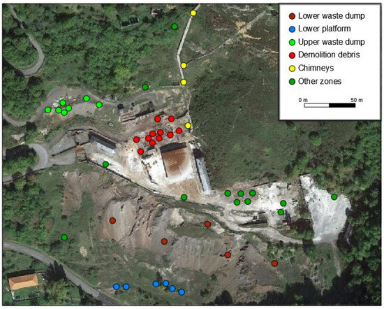 As described above, the As and Hg concentrations in the soils in different parts of the site are clearly related to the mining activities developed over the life of the mine. The paragenesis of the ore deposit is composed of cinnabar, orpiment, realgar, pyrite (usually with high concentrations of As), arsenopyrite, marcasite, and pararealgar in a gangue of quartz and calcite [32].
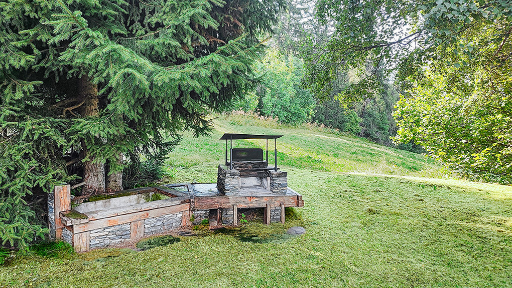 Haus: Schönes Walliser Chalet auf einem großzügigen Gartengrundstück. 4-Zimmer-Haus mit 90 qm Wohnfläche über 2 Etagen. Rustikal-gemütliche Einrichtung. Typisches Chalet-Flair mit schönen Holzbalkendecken, Steinplattenboden im Wohnraum. Internetzugang über W-Lan (max. 4G). Waschmaschine, Trockner. Heizung über E-Radiatoren, Kaminofen. Terrasse mit Sitzmöbeln, Sonnenliegen. Balkon mit Panoramablick in Rhônetal bis Martigny. Schöner Garten mit Grillkamin, eigenem Brunnen, großer Rasenfläche und angrenzenden, Blickschutz bietenden Bäumen. 2 Pkw-Stellplätze am Haus.
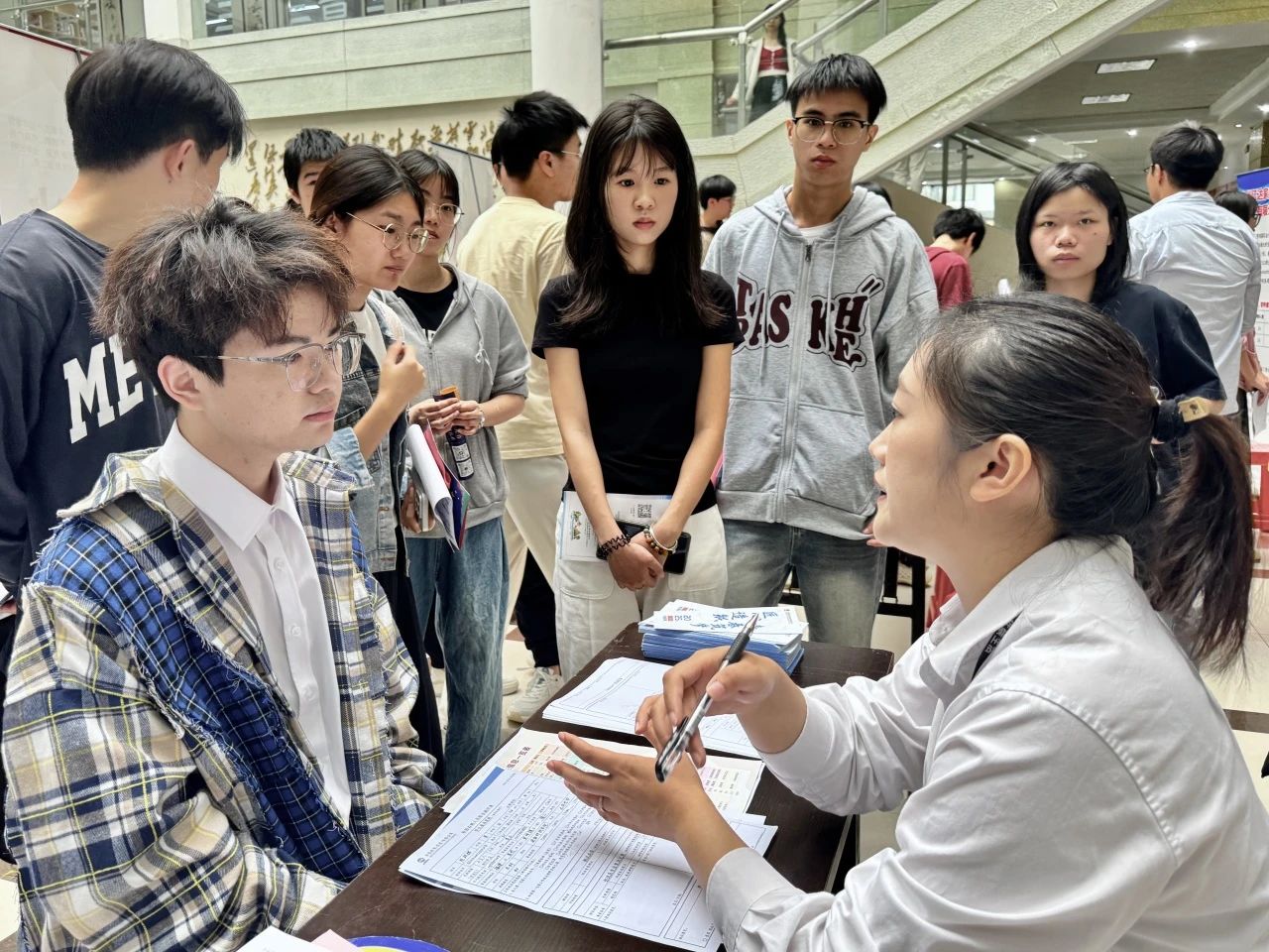 “未来职场的发展晋升空间是怎么样的?”“工作内容是否以实践操作为主?”……招聘会现场气氛热烈,参会企业展位前人头攒动。毕业生踊跃投递简历并就自己关心的招聘岗位、薪酬期望、职业发展前景等与用人单位进行充分洽谈;用人单位通过展板、海报及现场讲解等形式,详细介绍企业文化、招聘岗位、晋升渠道等,吸引了大量毕业生驻足交流。
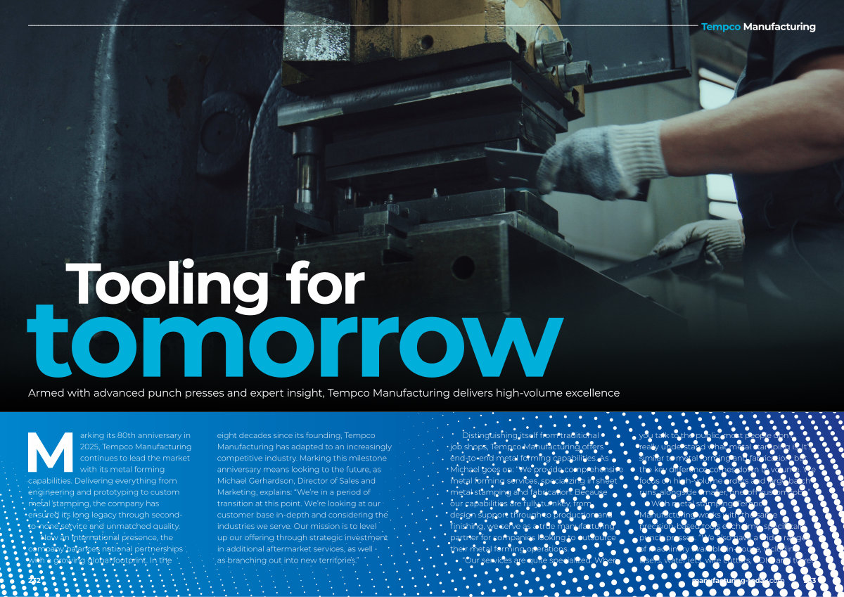 Marking its 80th anniversary in 2025, Tempco Manufacturing continues to lead the market with its metal forming capabilities. Delivering everything from engineering and prototyping to custom metal stamping, the company has ensured its long legacy through secondto-none service and unmatched quality. Now an international presence, the company balances national partnerships with a growing global footprint. In the eight decades since its founding, Tempco Manufacturing has adapted to an increasingly competitive industry. Marking this milestone anniversary means looking to the future, as Michael Gerhardson, Director of Sales and Marketing, explains:“ We’ re in a period of transition at this point. We’ re looking at our customer base in-depth and considering the industries we serve. Our mission is to level up our offering through strategic investment in additional aftermarket services, as well as branching out into new territories.”
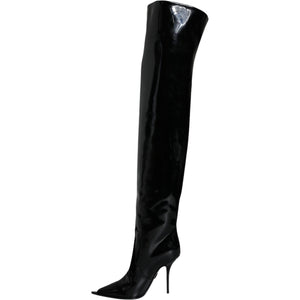 حذاء طويل حتى الركبة رائع وجديد تمامًا، مصنوع من الجلد اللامع الأصلي بنسبة 100% من دولتشي آند غابانا.
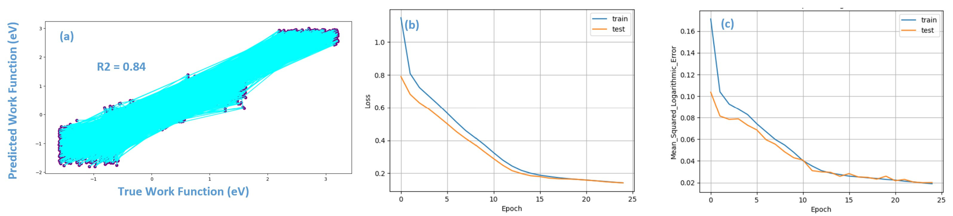 high R2 score. Fig. 4 depicts the performance of neural network regression. Fig. 4(a) exhibits Predicted work function Vs True Work function with 0.84 R2 score. Figs. 4(b) and 4(c) depict Loss Vs Epoch and Mean Squared Logarithmic Error Vs Epoch. Both of the cases,
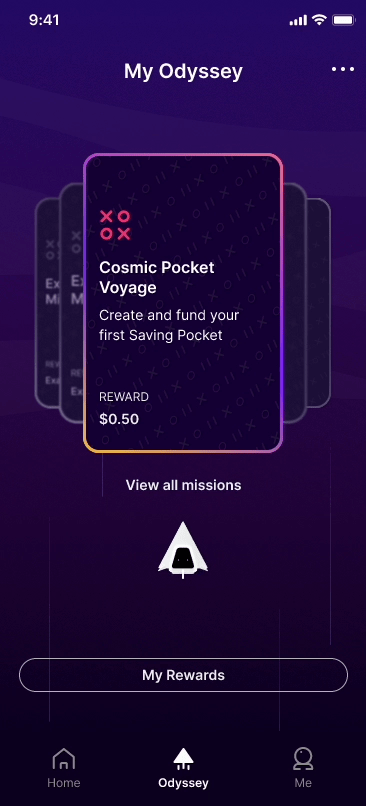 As we tactically launch missions to users based on their financial goals and rewards preferences, they will be able to slowly work towards their long-term goals.
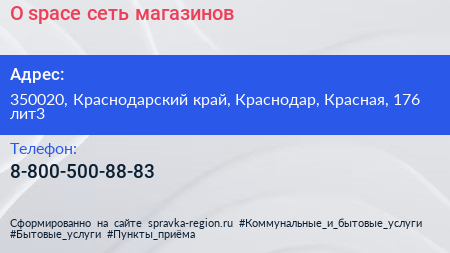 O: spaсe, сеть магазинов по адресу 350020, Краснодарский край, Краснодар, Красная, 176 лит3 в дальнейшем Организация, размещена в следующих категориях:
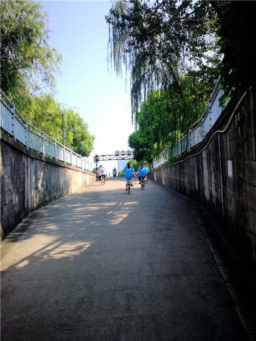 出發(fā)了,一共有七個打卡,星耀城、吉利、鑫都匯、白馬湖、網(wǎng)易、阿里和中南。七點四十分出發(fā)還好,天氣還不算熱,大家爭先恐后出門

______________________________

### WHAT THE EXERCISE ASKS
Write out each entry again exactly, and skip the pictures.

### YOUR SOLUTION
 As described above, the As and Hg concentrations in the soils in different parts of the site are clearly related to the mining activities developed over the life of the mine. The paragenesis of the ore deposit is composed of cinnabar, orpiment, realgar, pyrite (usually with high concentrations of As), arsenopyrite, marcasite, and pararealgar in a gangue of quartz and calcite [32].
 Haus: Schönes Walliser Chalet auf einem großzügigen Gartengrundstück. 4-Zimmer-Haus mit 90 qm Wohnfläche über 2 Etagen. Rustikal-gemütliche Einrichtung. Typisches Chalet-Flair mit schönen Holzbalkendecken, Steinplattenboden im Wohnraum. Internetzugang über W-Lan (max. 4G). Waschmaschine, Trockner. Heizung über E-Radiatoren, Kaminofen. Terrasse mit Sitzmöbeln, Sonnenliegen. Balkon mit Panoramablick in Rhônetal bis Martigny. Schöner Garten mit Grillkamin, eigenem Brunnen, großer Rasenfläche und angrenzenden, Blickschutz bietenden Bäumen. 2 Pkw-Stellplätze am Haus.
 “未来职场的发展晋升空间是怎么样的?”“工作内容是否以实践操作为主?”……招聘会现场气氛热烈,参会企业展位前人头攒动。毕业生踊跃投递简历并就自己关心的招聘岗位、薪酬期望、职业发展前景等与用人单位进行充分洽谈;用人单位通过展板、海报及现场讲解等形式,详细介绍企业文化、招聘岗位、晋升渠道等,吸引了大量毕业生驻足交流。
 Marking its 80th anniversary in 2025, Tempco Manufacturing continues to lead the market with its metal forming capabilities. Delivering everything from engineering and prototyping to custom metal stamping, the company has ensured its long legacy through secondto-none service and unmatched quality. Now an international presence, the company balances national partnerships with a growing global footprint. In the eight decades since its founding, Tempco Manufacturing has adapted to an increasingly competitive industry. Marking this milestone anniversary means looking to the future, as Michael Gerhardson, Director of Sales and Marketing, explains:“ We’ re in a period of transition at this point. We’ re looking at our customer base in-depth and considering the industries we serve. Our mission is to level up our offering through strategic investment in additional aftermarket services, as well as branching out into new territories.”
 حذاء طويل حتى الركبة رائع وجديد تمامًا، مصنوع من الجلد اللامع الأصلي بنسبة 100% من دولتشي آند غابانا.
 high R2 score. Fig. 4 depicts the performance of neural network regression. Fig. 4(a) exhibits Predicted work function Vs True Work function with 0.84 R2 score. Figs. 4(b) and 4(c) depict Loss Vs Epoch and Mean Squared Logarithmic Error Vs Epoch. Both of the cases,
 As we tactically launch missions to users based on their financial goals and rewards preferences, they will be able to slowly work towards their long-term goals.
 O: spaсe, сеть магазинов по адресу 350020, Краснодарский край, Краснодар, Красная, 176 лит3 в дальнейшем Организация, размещена в следующих категориях:
 出發(fā)了,一共有七個打卡,星耀城、吉利、鑫都匯、白馬湖、網(wǎng)易、阿里和中南。七點四十分出發(fā)還好,天氣還不算熱,大家爭先恐后出門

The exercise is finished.